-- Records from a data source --
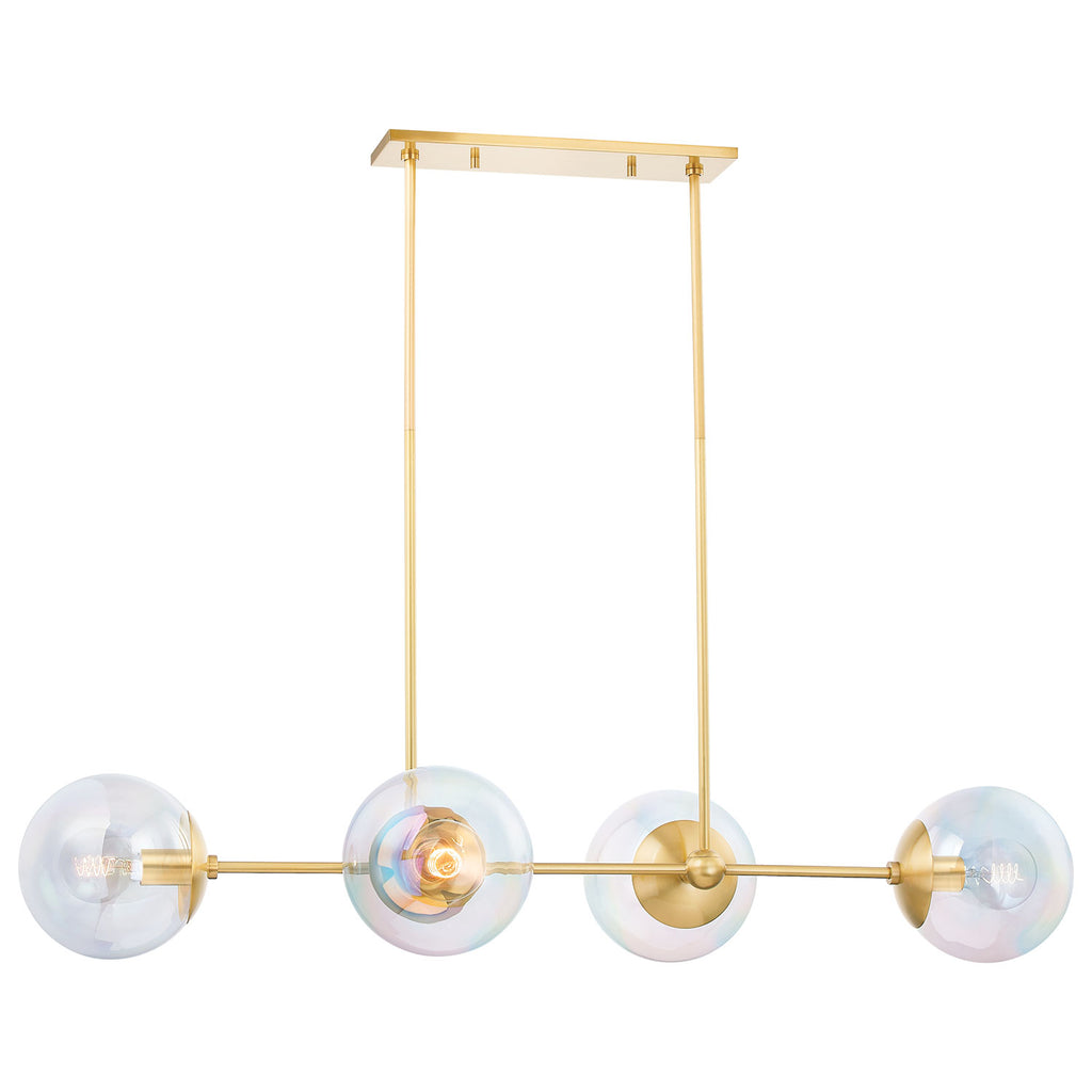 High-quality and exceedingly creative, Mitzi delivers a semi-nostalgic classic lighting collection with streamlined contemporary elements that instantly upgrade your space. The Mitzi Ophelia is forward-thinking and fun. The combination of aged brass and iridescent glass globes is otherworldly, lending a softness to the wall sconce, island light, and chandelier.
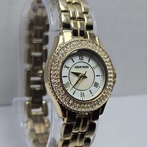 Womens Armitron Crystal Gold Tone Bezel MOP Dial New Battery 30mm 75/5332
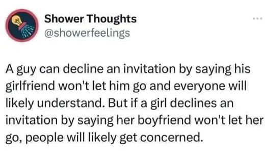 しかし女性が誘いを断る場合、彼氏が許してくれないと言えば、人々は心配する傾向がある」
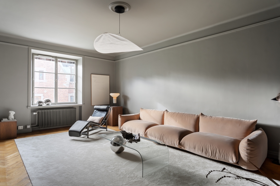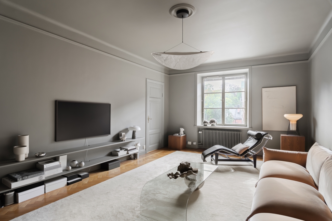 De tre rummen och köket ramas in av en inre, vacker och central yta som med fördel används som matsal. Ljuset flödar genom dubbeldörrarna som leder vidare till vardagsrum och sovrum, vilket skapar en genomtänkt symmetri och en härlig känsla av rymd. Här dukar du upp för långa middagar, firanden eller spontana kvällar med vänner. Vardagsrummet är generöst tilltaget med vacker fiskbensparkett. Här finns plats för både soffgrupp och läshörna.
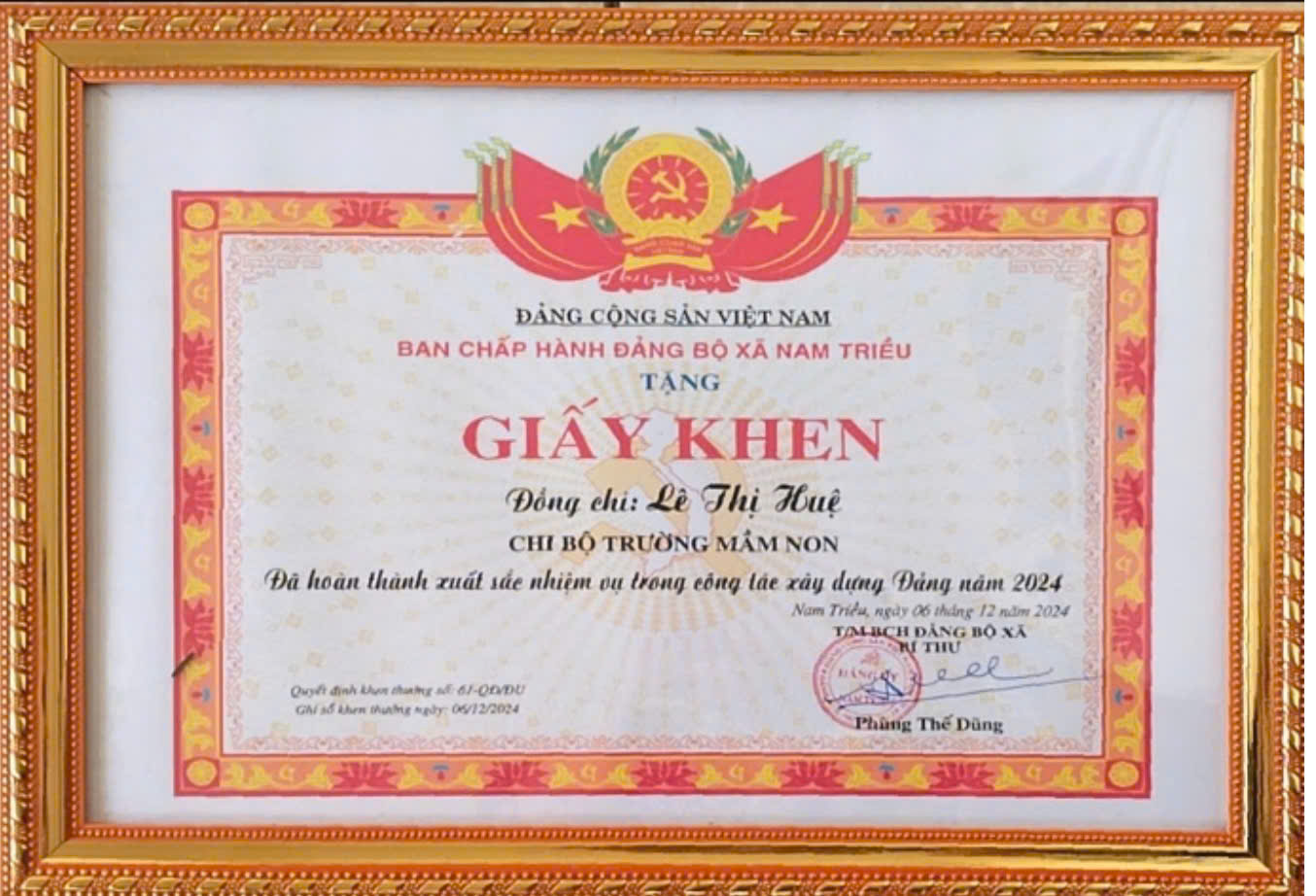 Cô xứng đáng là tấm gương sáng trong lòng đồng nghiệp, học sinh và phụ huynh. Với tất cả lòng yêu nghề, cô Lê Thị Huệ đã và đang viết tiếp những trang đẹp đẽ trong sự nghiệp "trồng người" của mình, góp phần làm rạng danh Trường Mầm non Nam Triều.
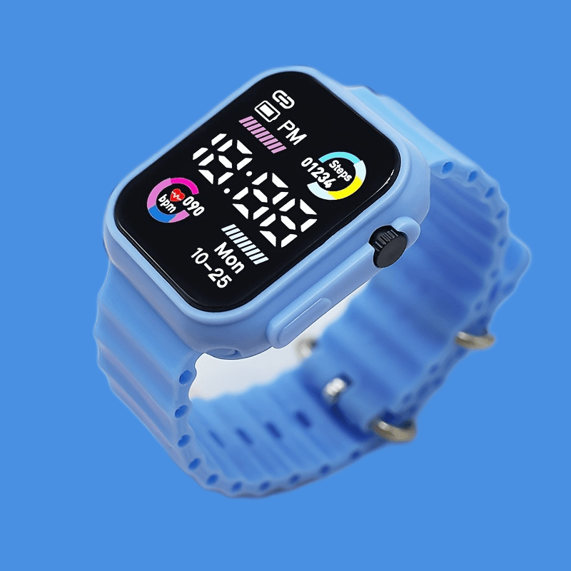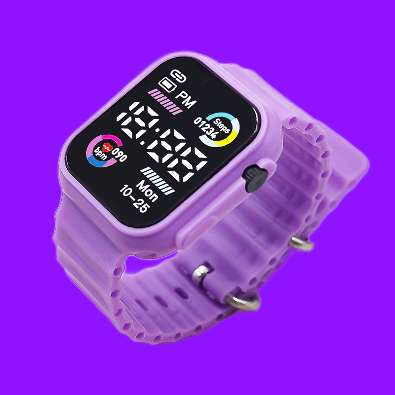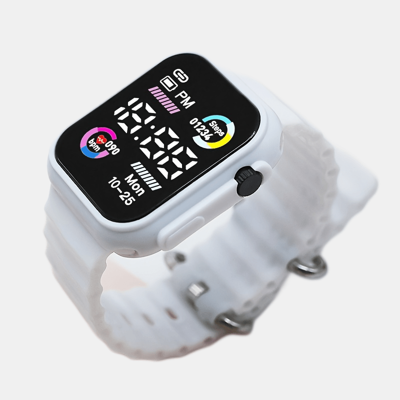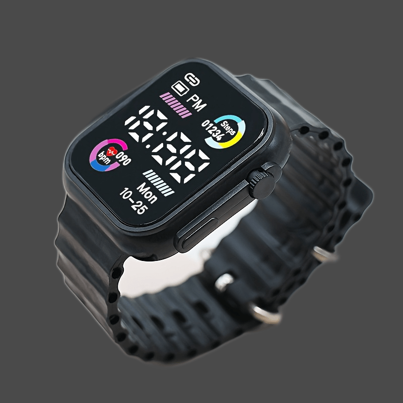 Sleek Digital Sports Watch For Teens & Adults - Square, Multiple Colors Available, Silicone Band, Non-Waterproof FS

-- Aim of the task --
Quote the records above in full, dropping each picture.

-- Reply --
 High-quality and exceedingly creative, Mitzi delivers a semi-nostalgic classic lighting collection with streamlined contemporary elements that instantly upgrade your space. The Mitzi Ophelia is forward-thinking and fun. The combination of aged brass and iridescent glass globes is otherworldly, lending a softness to the wall sconce, island light, and chandelier.
 Womens Armitron Crystal Gold Tone Bezel MOP Dial New Battery 30mm 75/5332
 しかし女性が誘いを断る場合、彼氏が許してくれないと言えば、人々は心配する傾向がある」
 De tre rummen och köket ramas in av en inre, vacker och central yta som med fördel används som matsal. Ljuset flödar genom dubbeldörrarna som leder vidare till vardagsrum och sovrum, vilket skapar en genomtänkt symmetri och en härlig känsla av rymd. Här dukar du upp för långa middagar, firanden eller spontana kvällar med vänner. Vardagsrummet är generöst tilltaget med vacker fiskbensparkett. Här finns plats för både soffgrupp och läshörna.
 Cô xứng đáng là tấm gương sáng trong lòng đồng nghiệp, học sinh và phụ huynh. Với tất cả lòng yêu nghề, cô Lê Thị Huệ đã và đang viết tiếp những trang đẹp đẽ trong sự nghiệp "trồng người" của mình, góp phần làm rạng danh Trường Mầm non Nam Triều.
 Sleek Digital Sports Watch For Teens & Adults - Square, Multiple Colors Available, Silicone Band, Non-Waterproof FS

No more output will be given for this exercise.